Many Russian historians would agree with his analysis, at least as long as its lessons could be safely confined to the past. Krasnov, however, then discusses the issue in ways that make it clear he believes it remains relevant, even though he does not directly address Moscow’s current war against Ukraine. He argues, “The mechanism of the Russian historical trajectory—which transforms defeat into victory—lies in the insatiable drive of anyone who has acquired even a shred of power or wealth to expand their position.” This leads to the search for methods for combating greed and the lust for power. He explains, “In Russia, a cycle has emerged: the loosening of restrictions and the activation of social mobility—the formation of new elites—the halting of social mobility—the ossification of the elites—the stagnation of progress—defeat—and the launch of a new cycle.”

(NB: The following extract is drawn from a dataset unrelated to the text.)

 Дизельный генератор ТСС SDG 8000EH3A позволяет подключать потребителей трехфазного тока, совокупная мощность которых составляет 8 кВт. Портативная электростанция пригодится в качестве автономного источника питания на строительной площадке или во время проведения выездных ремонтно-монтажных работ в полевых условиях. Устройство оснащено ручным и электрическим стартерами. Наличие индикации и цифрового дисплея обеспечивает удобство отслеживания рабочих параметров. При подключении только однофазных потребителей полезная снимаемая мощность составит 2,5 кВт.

If other countries have developed various means to limit the power of elites without war, Russia has often had to rely on military defeat, he suggests. In Russia, those with power increasingly use force against their own people to continue to enrich themselves despite the costs that Russians and Russia itself have to pay. Krasnov points out, however, that “tightening the screws to the absolute limit invariably strips the threads, and the country is guaranteed to lose … to its own elites, who are ready to surrender both their Fatherland and their people just to prolong their own festivities.” He explains that once the country has gotten into a war and suffers a defeat, it could face “total disintegration, dangerous revanchism, or assimilation into a foreign culture as a dominion or colony.” He adds, “Fortunately, time and again—ever since the era of the Mongol yoke—Russia has chosen the path of salvation: reining in its unruly elites and granting greater freedom to the people.”

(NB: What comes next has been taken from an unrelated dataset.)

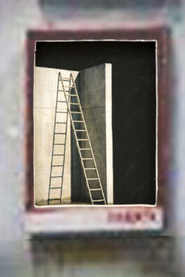 Die in diesem Ensemble eingelassenen Collagen zitieren Stilmittel des formalen Aufbaus mittelalterlicher Altarbilder, z.B. kunstreiche Draperien, den Blick auf Landschaften oder architektonische Strukturen. Doch hier fehlen die üblicherweise zentralen Heiligenfiguren. Die Bühne ist leer. Hat der bzw. das Heilige seinen Platz verlassen?

Krasnov continues, Peter I earned the title “the Great” because “he managed to make the right decision following a defeat in a single battle rather than waiting for the loss of an entire war.” As a result, he broke “the habitual Russian cycle by making reforms an immediate response to the very first setback.” He adds, “It is no easy feat for a nation’s leadership to decide to break this vicious cycle before defeat strikes.”
It is no surprise that the Kremlin took down this article. On May 28, Krasnov gave an even more critical interview to a Ukrainian outlet (Ukraina.ru, May 28). His statements are virtually a call to arms for Russia’s elites and masses to take action before it is too late. It is also an appeal to Putin himself. If Putin wants to be known as “the great” like his tsarist predecessor, he needs to recognize how Russian history works and change direction, however improbable that would be for a man who celebrates Russia’s past as largely an unbroken series of triumphs.